While I’m waiting for my canvas to arrive from the canvas-stretching company, I’ve been thinking about how I’ll proceed with the painting. Normally after I transfer my drawing to the canvas, I do an underpainting over it. This is a preliminary layer- a very simple, thinly painted, monochromatic and undetailed version of the finished work. I usually use burnt sienna, an orange earth tone, and lead white. I keep the values lighter than they will be in the finished work, because I prefer to over-paint onto a lighter base. I do this for two reasons. First, because if I want to glaze (add a transparent layer of color), it must be over a lighter ground to show properly. Second, even more opaque layers look more bright and true when painted over a light ground.

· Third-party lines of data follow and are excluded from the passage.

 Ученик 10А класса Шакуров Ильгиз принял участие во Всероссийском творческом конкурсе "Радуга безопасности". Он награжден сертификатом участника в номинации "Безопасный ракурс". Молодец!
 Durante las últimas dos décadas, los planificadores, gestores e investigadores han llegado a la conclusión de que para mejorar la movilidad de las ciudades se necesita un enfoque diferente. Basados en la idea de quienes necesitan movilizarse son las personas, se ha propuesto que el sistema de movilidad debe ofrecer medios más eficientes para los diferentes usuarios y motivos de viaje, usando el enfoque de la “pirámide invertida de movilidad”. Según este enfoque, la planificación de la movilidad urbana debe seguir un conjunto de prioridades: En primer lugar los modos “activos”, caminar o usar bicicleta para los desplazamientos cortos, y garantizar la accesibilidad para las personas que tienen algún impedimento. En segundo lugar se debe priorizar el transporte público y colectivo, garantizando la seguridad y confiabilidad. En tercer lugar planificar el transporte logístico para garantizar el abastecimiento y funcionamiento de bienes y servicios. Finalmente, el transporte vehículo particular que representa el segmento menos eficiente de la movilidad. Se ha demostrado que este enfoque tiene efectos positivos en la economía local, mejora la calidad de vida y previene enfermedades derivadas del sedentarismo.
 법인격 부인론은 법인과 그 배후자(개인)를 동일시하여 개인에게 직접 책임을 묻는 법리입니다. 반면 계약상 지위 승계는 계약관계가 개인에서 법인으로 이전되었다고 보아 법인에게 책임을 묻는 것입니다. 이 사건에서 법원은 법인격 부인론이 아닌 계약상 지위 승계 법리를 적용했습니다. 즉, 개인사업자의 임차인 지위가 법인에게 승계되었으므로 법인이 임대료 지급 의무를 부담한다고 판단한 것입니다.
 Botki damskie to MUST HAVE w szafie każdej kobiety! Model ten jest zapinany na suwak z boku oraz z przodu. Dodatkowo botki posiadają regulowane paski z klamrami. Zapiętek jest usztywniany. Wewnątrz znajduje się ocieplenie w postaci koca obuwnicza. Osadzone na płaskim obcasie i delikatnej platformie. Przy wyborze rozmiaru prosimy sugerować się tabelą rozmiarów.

I also omit details at this stage. I would only have to repaint them in the over-painting! I paint very thinly, so the brushstrokes won’t show through later, in case I want to make changes.

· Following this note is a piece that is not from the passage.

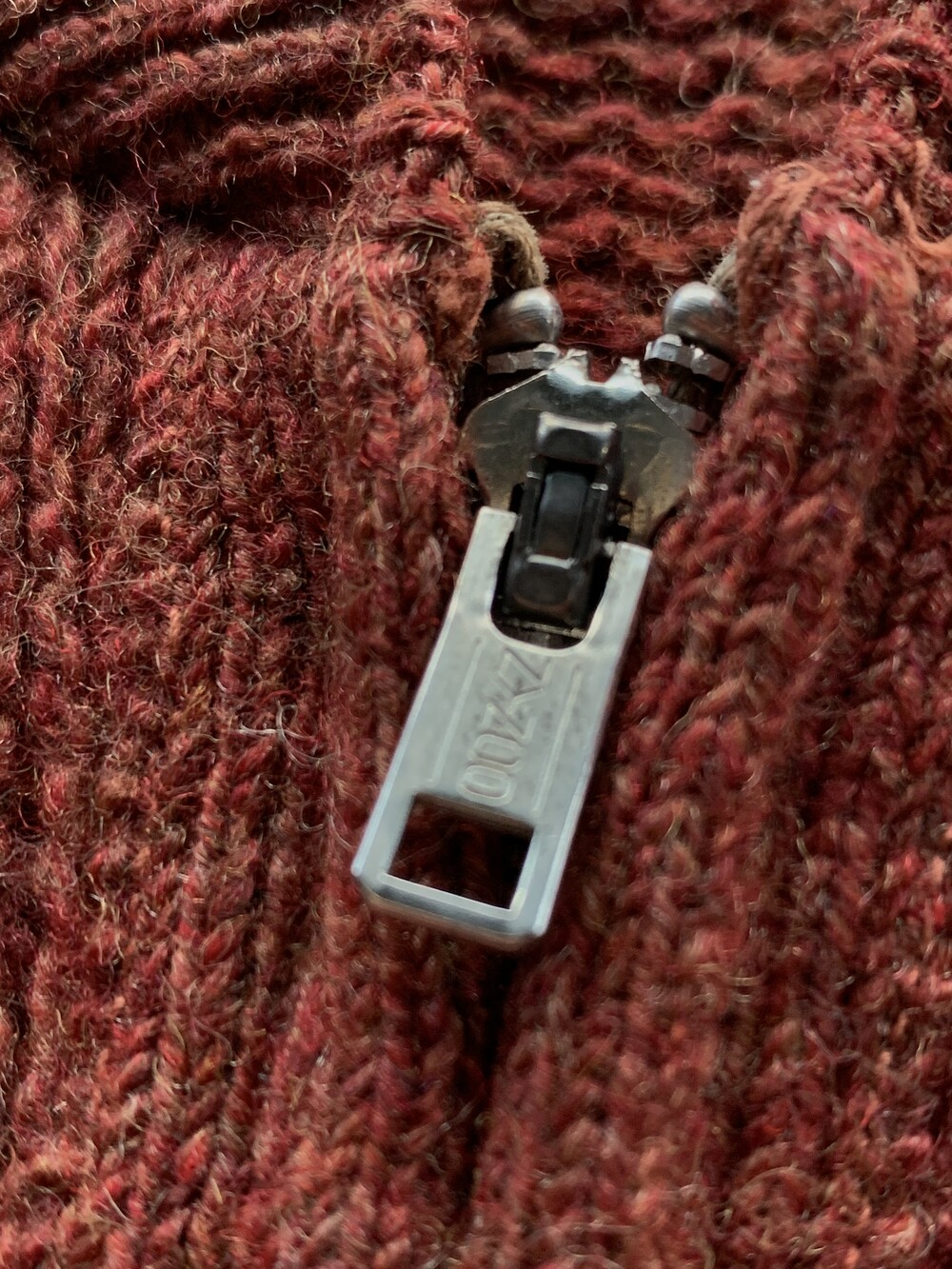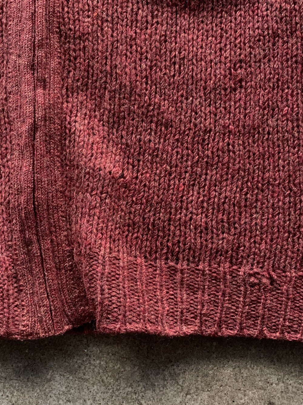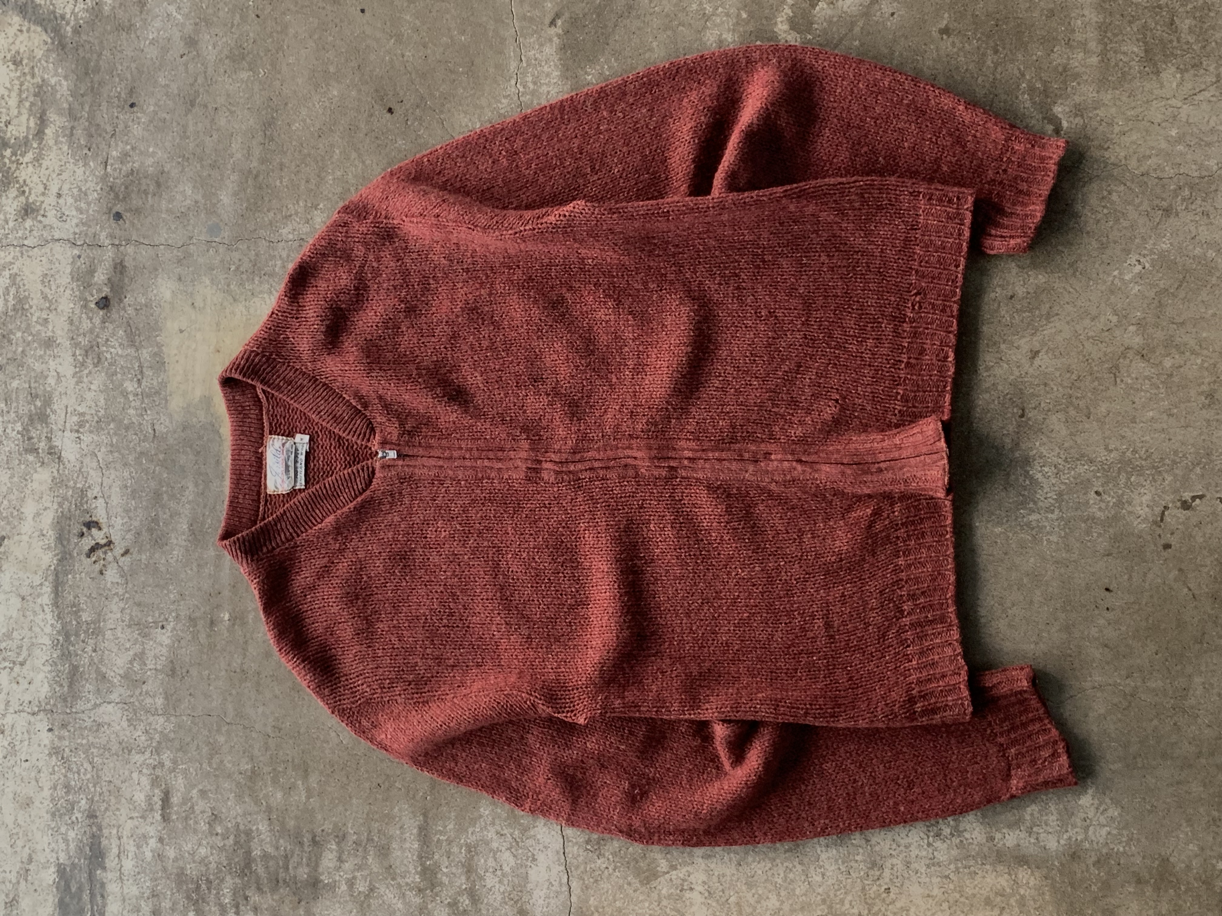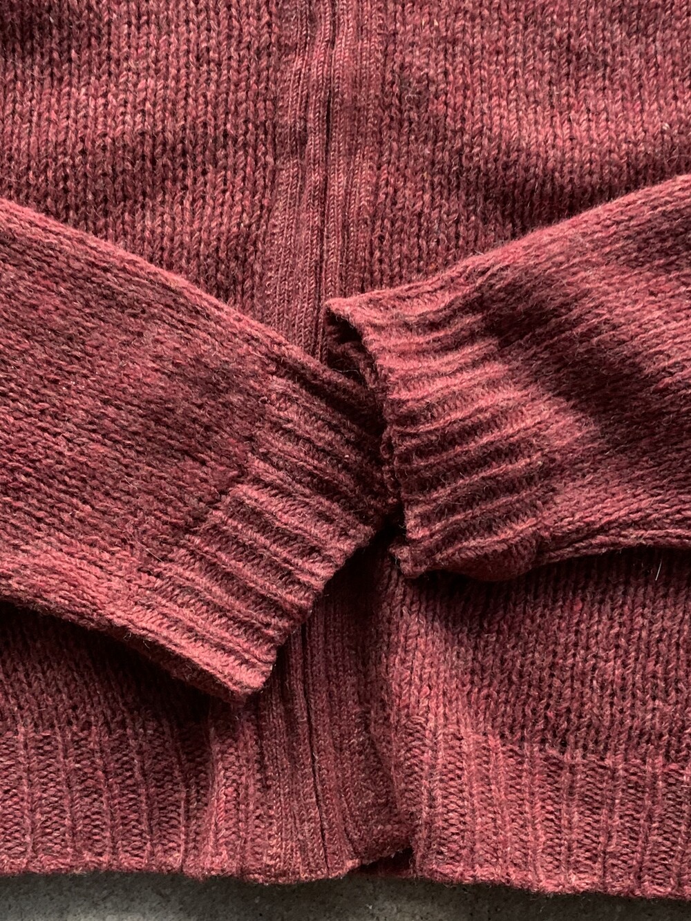아크릴 카디건 정도의 두께감을 보이는 울 소재의 집업 카디건. 두 가지 색상의 실이 섞여 드러나는 오묘한 색상이 매력적인 제품입니다.

This monochromatic underpainting serves several purposes. It provides a unifying color scheme for the whole finished painting. Bits of this color (in this case, burnt sienna) show through here and there, making it seem like the whole composition exists in the same light and place. It is also easier to begin putting down color in my overpainting if I don’t have to do it onto a bright white canvas. It is easier to judge value relationships if the underpainting already suggests what the different values should be. Most importantly, it is an easy way to begin! Details aren’t important, color isn’t an issue, brushwork isn’t seen, even the exact values aren’t important (as I said, I paint all the values in this underpainting lighter anyway). Painting is hard enough without feeling like you must do too much at once. My method of painting allows me to work in stages, tackling different problems in order. First I do a drawing, then I think about values in a value study, then I do a monochromatic underpainting. Finally, I will think about color, and then details.
I was considering tackling the underpainting in a slightly different way in this painting. Since the green cloth is so important to the final effect, I want to make sure the color is very bright. In the Sir Thomas Moore portrait, the green cloth is very bright and was probably painted using a transparent glaze over a yellow layer beneath. Maybe I should try underpainting the cloth area as usual, in burnt sienna and lead white, but make the values very light. Over this, I could glaze a layer in yellow and then when dry, glaze over it in viridian green. For the shadow areas, I could glaze additional layers of ultramarine blue and raw umber, and for the highlights, I could scumble some lead white over the dry glaze.